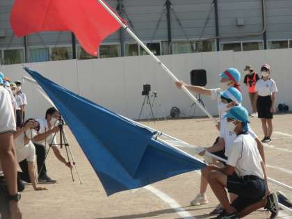 6年生にとって、小学校生活最後の運動会である、スポーツウィークの幕が上がりました。最高学年として、競技、応援、係の仕事に責任をもち、全力で取り組もうとしている子どもたちです。思いを込めて描いた各団のマスコットも、見事な仕上がりになりました。迫力あるマスコットが掲げれた場所の横を通った下級生が、「すごい!」「かっこいい!」と口々に声を上げていました。
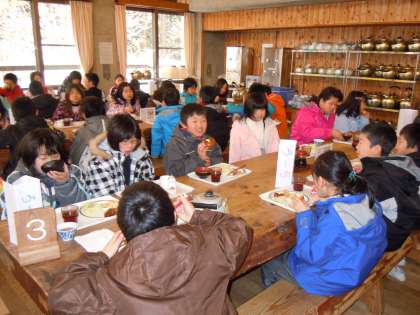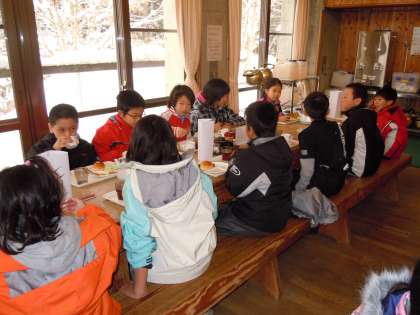 今日の朝ごはんです。疲れていても、朝からしっかり食べることのできる子どもたちです。今日は今から広河原スキー場でのスキー体験です。
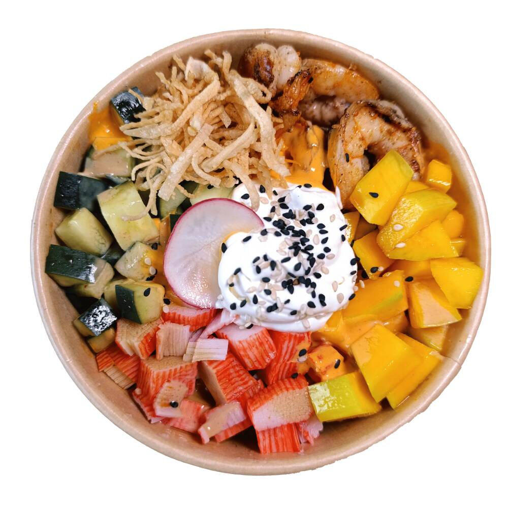 Base de arroz blanco con camarón, tsurimi, pepino, mango y queso crema, acompañado con aderezo ponzu de la casa + spicy mayo + tailandés y de topping ajonjolí.
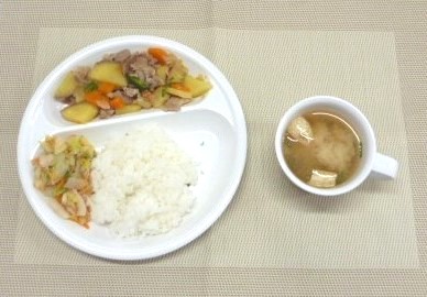 令和5年12月22日(金)の献立 2023/12/22 今日の給食は、「豚肉とさつま芋の甘辛炒め」、「白菜とツナの和風サラダ」と「豆腐のみそ汁」 おやつは、「牛乳」、「りんご」と「きなこ餅せんべい」です。
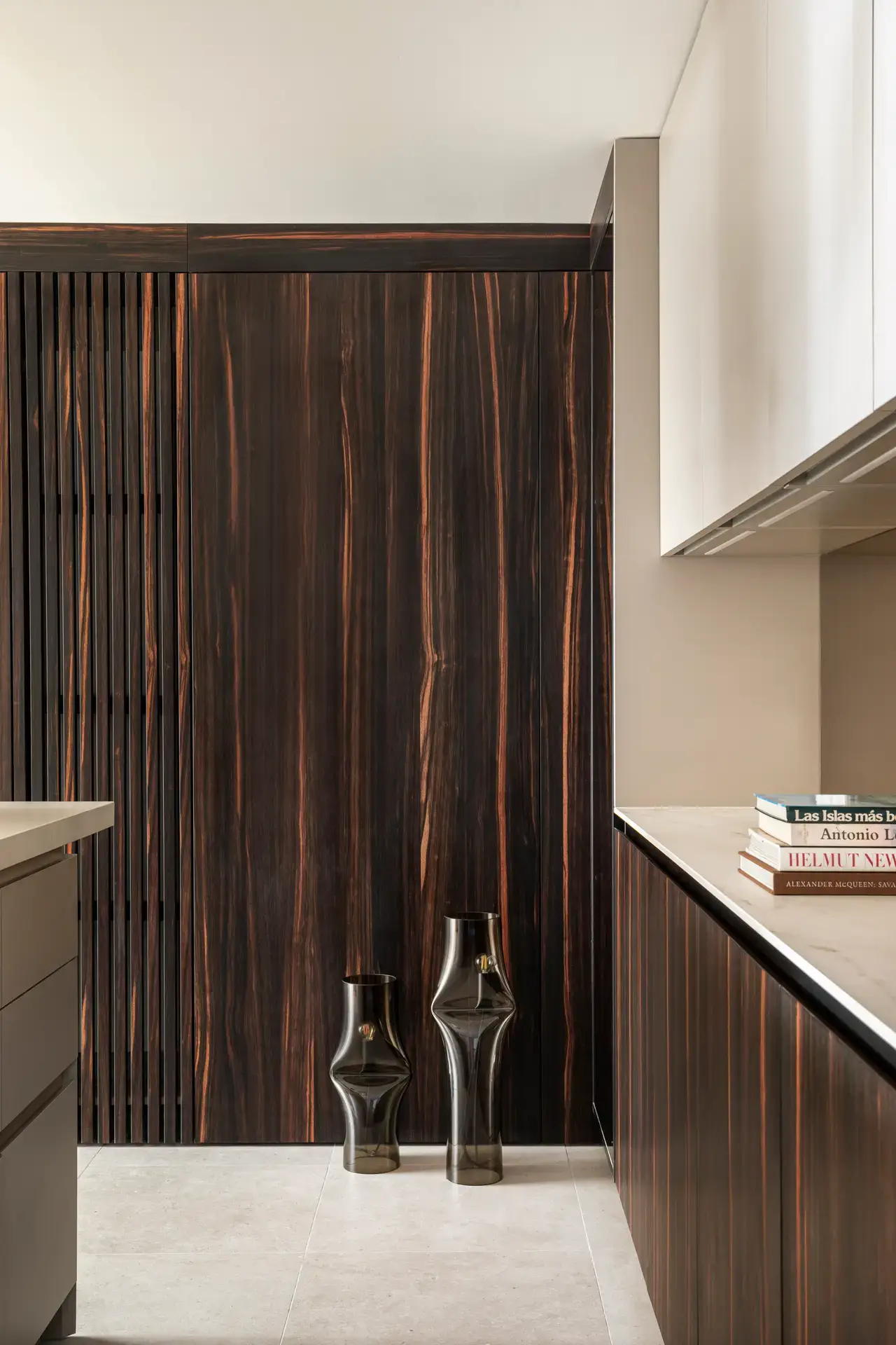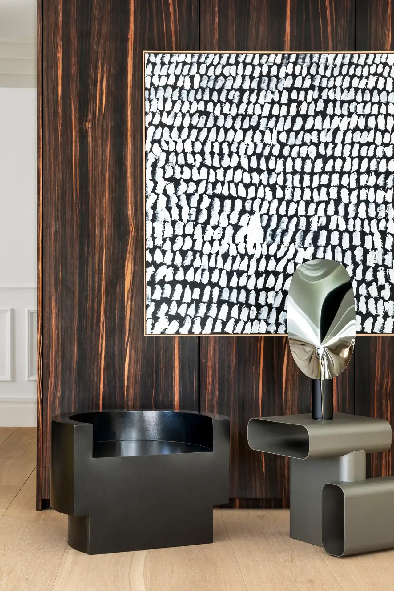 The entrance is defined by a volume reaching the ceiling, interrupting the visitor’s gaze as if it were a wall of Macassar ebony. At the center of this space, a lamp illuminates a set of circular plaster casts, creating an atmosphere reminiscent of James Turrell’s most iconic works.
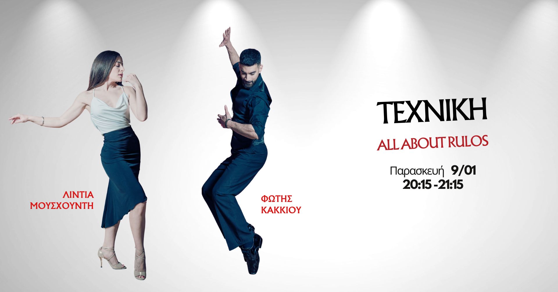 🟡 Παρασκευή 9/1 | 20:15–21:15 Τεχνική Ντάμας & Καβαλιέρου με Φώτη Κακκιού & Λίντια Μουσχουντή Θέμα:All about rulos Έλεγχος, ακρίβεια και καθαρή κίνηση στις περιστροφές. Τιμή: Μέλη 5€ | Μη μέλη 10€
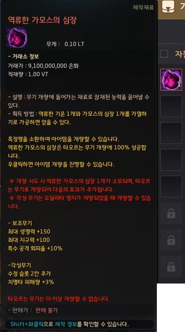지금은 각성무기, 보조무기 2개에 가모스의 심장 개량을 할 수 있기 때문에 최소한 2개의 가모스의 심장이 필요해요.
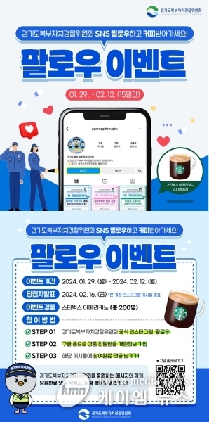(케이엠뉴스) 경기도북부자치경찰위원회는 도민들과 소통과 교감을 강화하기 위해 공식 누리소통망인 인스타그램 팔로우 이벤트를 실시한다.
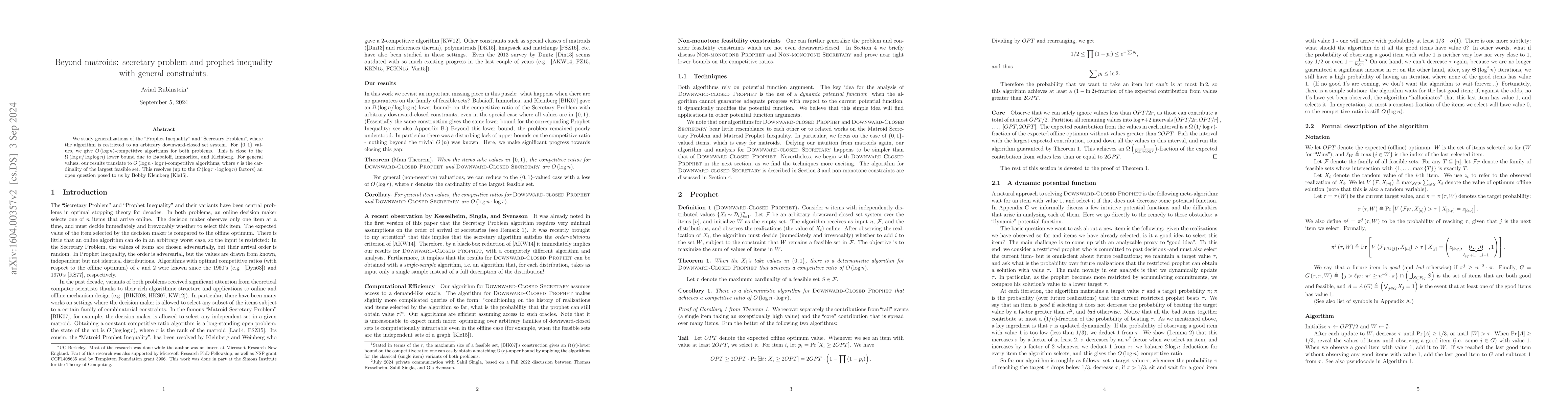 The paper presents efficient algorithms for the Secretary Problem and Prophet Inequality with general constraints, achieving O(log n)-competitive solutions for binary values and O(log n log r)-competitive solutions for general values.
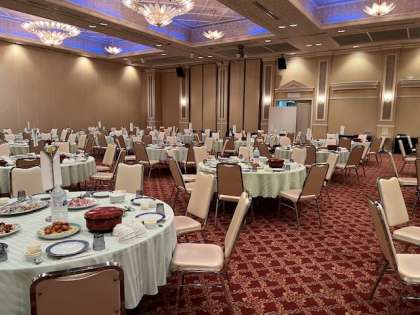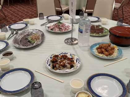 夕食会場です。広いスペースです。食事は卓盛になっています。
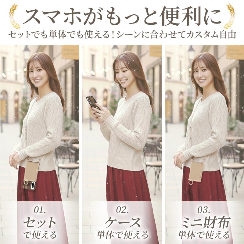 手帳型ケース、クリアケース、カード入れor小銭入れ、ロングストラップがセットになっていて、気分やコーデに合わせて自由に組み合わせられるのが魅力!スナップボタンで簡単に着脱できてとても便利です。
----
**EXERCISE BRIEF**
Print the lines from the one that contains "Μη μέλη 10€" through the last line of the data, exactly and in full, and no other lines. Pictures are not part of the copy.

**ANSWER AREA**
 🟡 Παρασκευή 9/1 | 20:15–21:15 Τεχνική Ντάμας & Καβαλιέρου με Φώτη Κακκιού & Λίντια Μουσχουντή Θέμα:All about rulos Έλεγχος, ακρίβεια και καθαρή κίνηση στις περιστροφές. Τιμή: Μέλη 5€ | Μη μέλη 10€
지금은 각성무기, 보조무기 2개에 가모스의 심장 개량을 할 수 있기 때문에 최소한 2개의 가모스의 심장이 필요해요.
(케이엠뉴스) 경기도북부자치경찰위원회는 도민들과 소통과 교감을 강화하기 위해 공식 누리소통망인 인스타그램 팔로우 이벤트를 실시한다.
 The paper presents efficient algorithms for the Secretary Problem and Prophet Inequality with general constraints, achieving O(log n)-competitive solutions for binary values and O(log n log r)-competitive solutions for general values.
 夕食会場です。広いスペースです。食事は卓盛になっています。
 手帳型ケース、クリアケース、カード入れor小銭入れ、ロングストラップがセットになっていて、気分やコーデに合わせて自由に組み合わせられるのが魅力!スナップボタンで簡単に着脱できてとても便利です。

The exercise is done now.